Titan Spine Announces New Memphis Distribution Center to Meet Growing Demand for nanoLOCK® Spinal Implants
MEQUON, Wis., March 26, 2018 – Titan Spine, a medical device surface technology company focused on developing innovative spinal interbody fusion implants, today announced it has opened a distribution facility in Memphis to meet the growing demand for the Company’s nanoLOCK® surface technology. nanoLOCK® is the company’s next-generation surface technology featuring enhanced micro and nano-scaled architecture, proven to significantly improve the osteogenic response it creates.1
The new distribution facility increases Titan Spine’s capacity to more than 20,000 square feet and will be used to efficiently distribute nanoLOCK® as well as products from future launches. In addition, the facility is strategically located within close proximity to the FedEx world distribution hub, which allows Titan Spine to extend shipment hours when needed and enable agility in responding to customer needs.
Mark Berg, Executive Vice President Global Operations of Titan Spine, commented, “As the demand for our nanoLOCK® surface implants has continued to grow across the U.S., we recognized the need to strategically increase our distribution capacity to supply current and future demand. Our Memphis Distribution Center (MDC) offers an optimal solution that builds upon the efforts of our prior distribution partner. We are excited to further improving logistics for our surgeon and distributor customers who recognize the significance and uniqueness of nanoLOCK® ’s very specific ability to promote a nano-fusion.”
Titan Spine offers a full line of Endoskeleton® titanium implants that feature its proprietary nanoLOCK® surface technology, which was launched in the U.S. in October 2016 following FDA clearance in late 2014. The nanoLOCK® surface technology consists of a unique combination of roughened topographies at the macro, micro, and nano levels (MMN™). This unique combination of surface topographies is designed to create an optimal host-bone response and actively participate in the fusion process by promoting the upregulation of osteogenic and angiogenic factors necessary for bone growth, encouraging natural production of bone morphogenetic proteins (BMPs), downregulating inflammatory factors, and creating the potential for a faster and more robust fusion.2,3,4 All Endoskeleton® devices are covered by the company’s risk share warranty
About Titan Spine
Titan Spine, LLC is a surface technology company focused on the design and manufacture of interbody fusion devices for the spine. The company is committed to advancing the science of surface engineering to enhance the treatment of various pathologies of the spine that require fusion. Titan Spine, located in Mequon, Wisconsin and Laichingen, Germany, markets a full line of Endoskeleton® interbody devices featuring its proprietary textured surface in the U.S., portions of Europe, and Australia through its sales force and a network of independent distributors. To learn more, visit www.titanspine.com
1Olivares-Navarrete, R., Hyzy S.L., Gittens, R.A., Berg, M.E., Schneider, J.M., Hotchkiss, K., Schwartz, Z., Boyan, B. D. Osteoblast lineage cells can discriminate microscale topographic features on titanium-aluminum-vanadium surfaces. Ann Biomed Eng. 2014 Dec; 42 (12): 2551-61.

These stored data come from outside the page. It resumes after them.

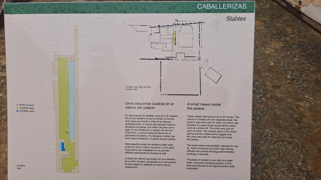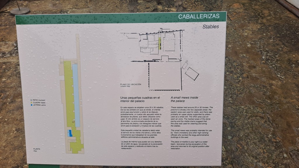 Gran Pórtico y Plaza de Armas, donde la gran arquería fue concebida para impresionar; también hay a Mezquita, que era la principal de la ciudad, o las Caballerizas, que son unas pequeñas cuadras en el interior del palacio, donde se alojaban unos 25 o 30 caballos.
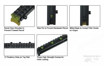 - В конструкции использован специальный винт-стопор для компенсации отдачи. При установке планка фиксируется тремя винтами.
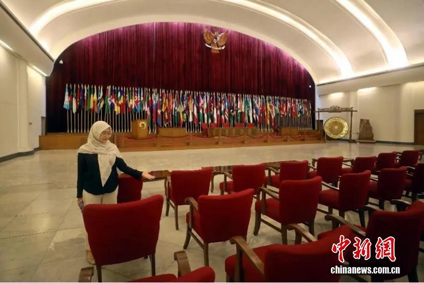 当地时间2025年3月18日,在万隆亚非会议纪念博物馆内,工作人员展示中国代表团在1955年万隆会议上的座席区域。 中新社记者 李志全 摄
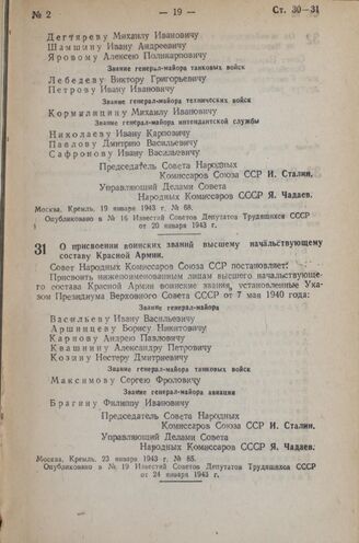 Постановление Совета Народных Комиссаров Союза ССР. О присвоении воинских званий высшему начальствующему составу Красной Армии. 23 января 1943 г. № 85
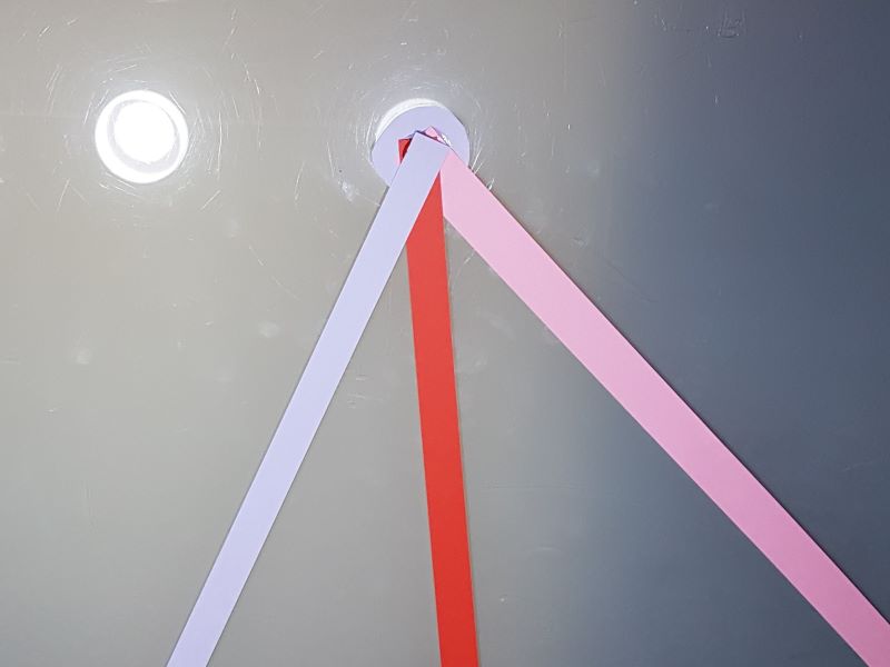Als nächstes machen wir das Gleiche mit dem anderen Ende der Streifen. Wir kleben diese wiederum auf den dritten Punkt und wenn wir alle Streifen geklebt haben, dann kleben wir den vierten Punkt auf. |
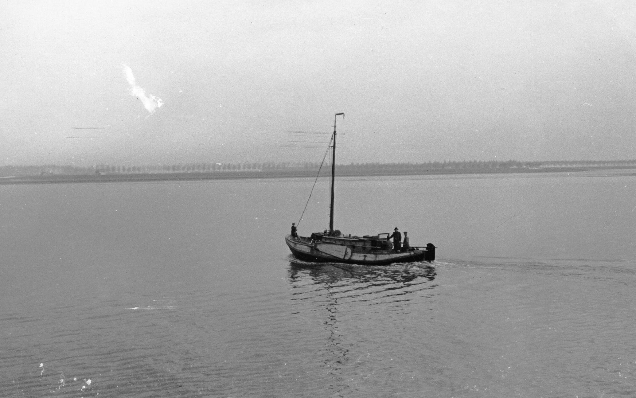 Boot op de Oosterschelde, Zierikzee, 1937 (zwart-wit foto)
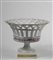 Cestino centrotavola in porcellana bianca traforata, con decorazioni in oro e...
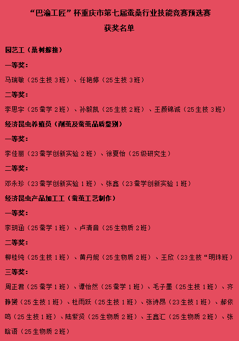 此次预选赛不仅为学生提供了展示专业技能的平台,也是对巴渝地区千年蚕桑文化的当代传承。学院将持续深化职业技能培养,鼓励学生立足专业、锤炼本领,为推动蚕桑产业高质量发展贡献青春力量。

2Olivares-Navarrete, R., Hyzy, S.L., Slosar, P.J., Schneider, J.M., Schwartz, Z., and Boyan, B.D. (2015). Implant materials generate different peri-implant inflammatory factors: PEEK promotes fibrosis and micro-textured titanium promotes osteogenic factors. Spine, Volume 40, Issue 6, 399–404.
3Olivares-Navarrete, R., Gittens, R.A., Schneider, J.M., Hyzy, S.L., Haithcock, D.A., Ullrich, P.F., Schwartz, Z., Boyan, B.D. (2012). Osteoblasts exhibit a more differentiated phenotype and increased bone morphogenetic production on titanium alloy substrates than poly-ether-ether-ketone. The Spine Journal, 12, 265-272.
4Olivares-Navarrete, R., Hyzy, S.L., Gittens, R.A., Schneider, J.M., Haithcock, D.A., Ullrich, P.F., Slosar, P. J., Schwartz, Z., Boyan, B.D. (2013). Rough titanium alloys regulate osteoblast production of angiogenic factors. The Spine Journal, 13, 1563-1570.